The decision is notable not only for its substantive outcome—curtailing a major platform operator’s levers over seller pricing and visibility—but also for its legal basis and remedial architecture. The FCO relies on the special regime for major digital companies under section 19a(2) of the German Competition Act (Gesetz gegen Wettbewerbsbeschränkungen, “GWB”), alongside the general dominance provisions of section 19 GWB and Article 102 TFEU. In addition, the authority, for the first time, orders disgorgement of the economic benefit allegedly obtained from the infringement, fixing an initial partial amount of approximately EUR 59 million.
The FCO’s intervention sends a clear signal on how Germany intends to police conflicts of interest inherent to “hybrid platforms”, and how transparency obligations towards business users may be woven into competition law enforcement.

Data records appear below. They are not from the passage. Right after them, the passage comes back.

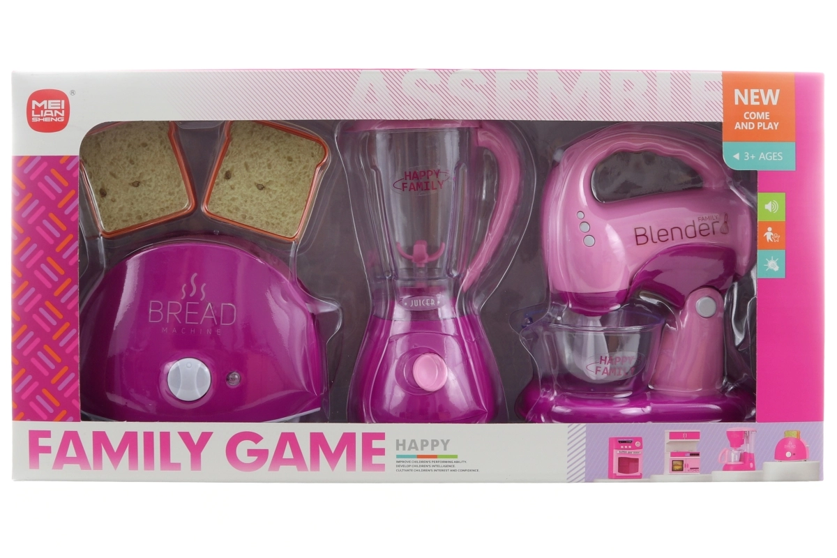 Šis spalvingas buitinių prietaisų rinkinys suteikia vaikams autentišką gaminimo patirtį. Įjungtas skrudintuvas šviečia, skleidžia garsus ir po akimirkos iššauna skrebučius. Maišytuvas turi permatomą indą, šviečia ir sukasi, o plakiklis papildomai realistiškai suka šluoteles. Viskas pritaikyta saugiam vaikų žaidimui.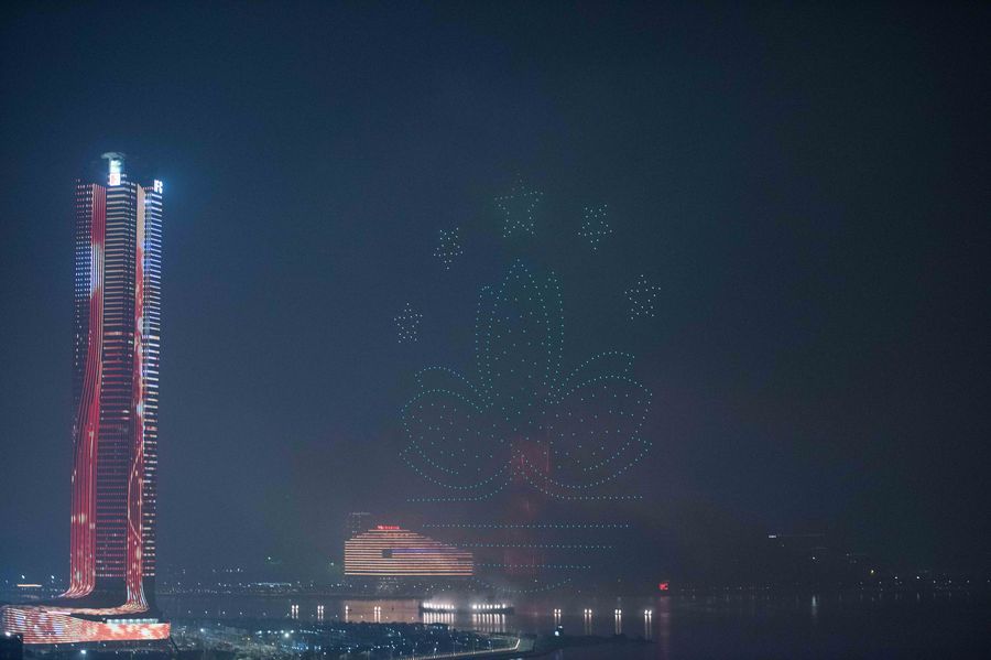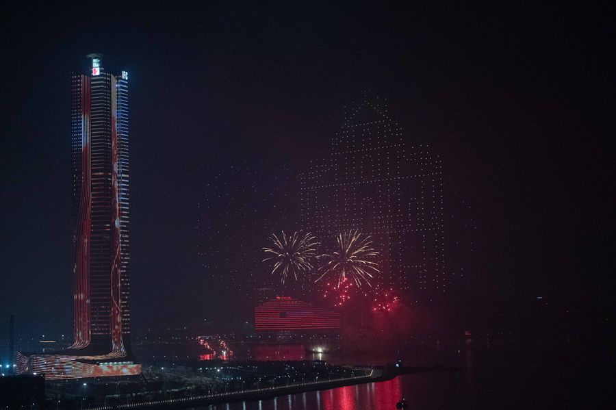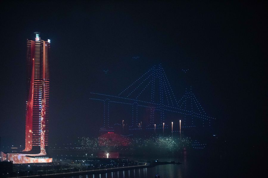 The show began with the firework spelling out "20", symbolizing the 20th anniversary of Macao's return to the motherland. During the show, 600 drones flew up to the sky, forming characters like "20" and "Macao and Zhuhai are family" as well as images of the Ruins of St. Paul's complex, one of Macao's best-known landmarks, and the marvelous Hong Kong-Zhuhai-Macao Bridge.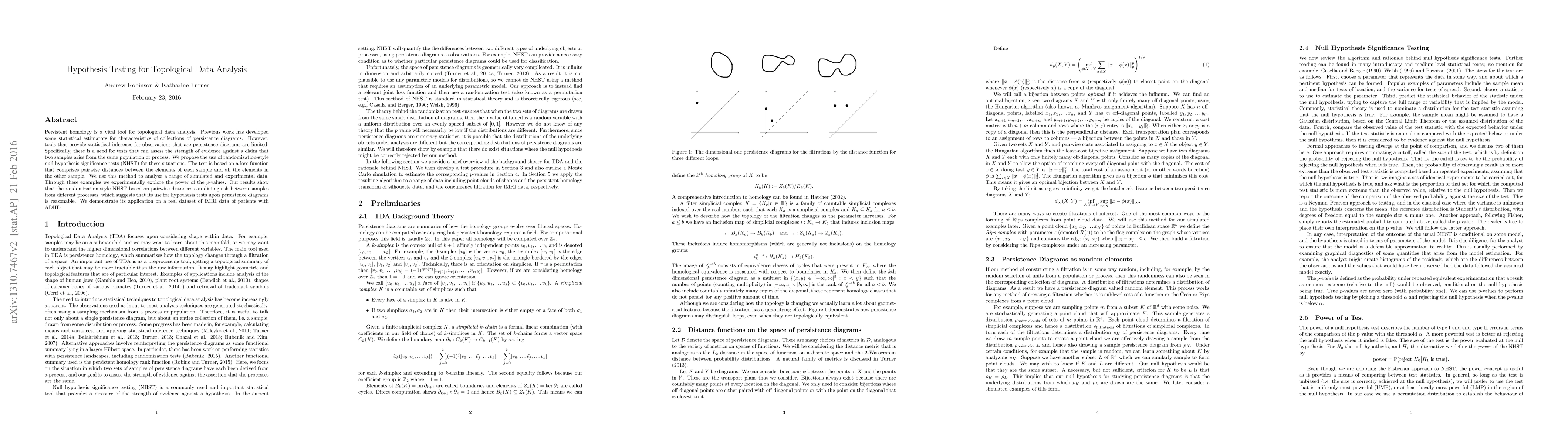 This paper proposes a randomization-style null hypothesis significance test (NHST) for comparing persistence diagrams in topological data analysis, using pairwise distances to assess evidence against a claim of same-population samples. The method's effectiveness is demonstrated through simulations and real fMRI data from ADHD patients, showing its potential for distinguishing different processes.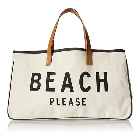 Hold Everything Collection Bolso de playa de lona de algodón de lujo de verano 100% en blanco y negro con asas de cuero genuino

1. Amazon’s Marketplace as a Hybrid Platform and Its Market Position
Amazon operates a broad digital e‑commerce ecosystem. In Germany, amazon.de is not merely an online shop but also a marketplace that enables third‑party sellers (“marketplace sellers”) to sell goods directly to end customers. Amazon is present in two roles on the same user interface: first, as a retailer through its own trading business (“Amazon Retail”); and second, as the operator of the marketplace infrastructure (“Amazon Marketplace”), providing access, listing, and transaction-related services to third‑party sellers in exchange for fees and commissions.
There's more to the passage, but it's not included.